Based on the company’s finding, it is easy to see why. A presentation at ATCE estimated fuel-cost savings compared with diesel fueled pressure pumps on a fracturing job, ranged from about 20% for a diesel-CNG mix, to more than 40% for a blend of diesel and field gas, or gas delivered by pipeline. Actual costs for field gas use depend on the quality of the gas. The energy content of field gas varies. Some field gas must be treated to remove unwanted gases such as hydrogen sulfide or carbon dioxide, and gas with high liquids content can present operating problems.

“At the same time, there are parts of the country [United States] where we are developing associated gas where the quality is such that we can use it without a lot of scrubbing or cleanup in the field,” Stephens said.
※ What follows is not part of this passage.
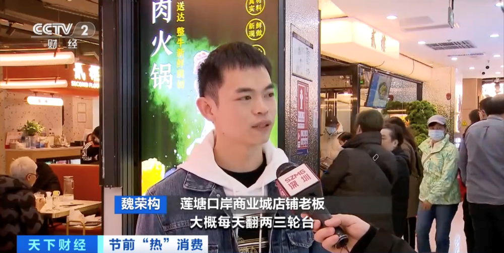 廣東深圳羅湖區(qū)某餐飲店店長 陳楚姍:我們這里有90%都是香港客戶,平均一天280多張臺到300張臺是沒有問題的。這個月營業(yè)額比上個月提升了30%多 。

In a recent case, Baker Hughes fueled up with the operator’s pipeline gas and successfully completed 240 fracture stages in 18 wells, displacing more than 100,000 gal of diesel.

The next step for Baker Hughes’ engineers is to make the system more efficient. That means working with the pump manufacturer to upgrade the software that controls the gas injection system, fine tune hardware on the pumps, and improve the understanding of how it all works together. With a little more time and research, Baker Hughes hopes to increase the percentage of natural gas its bifuel systems can handle, but “without any compromise in horsepower,” Stephens said.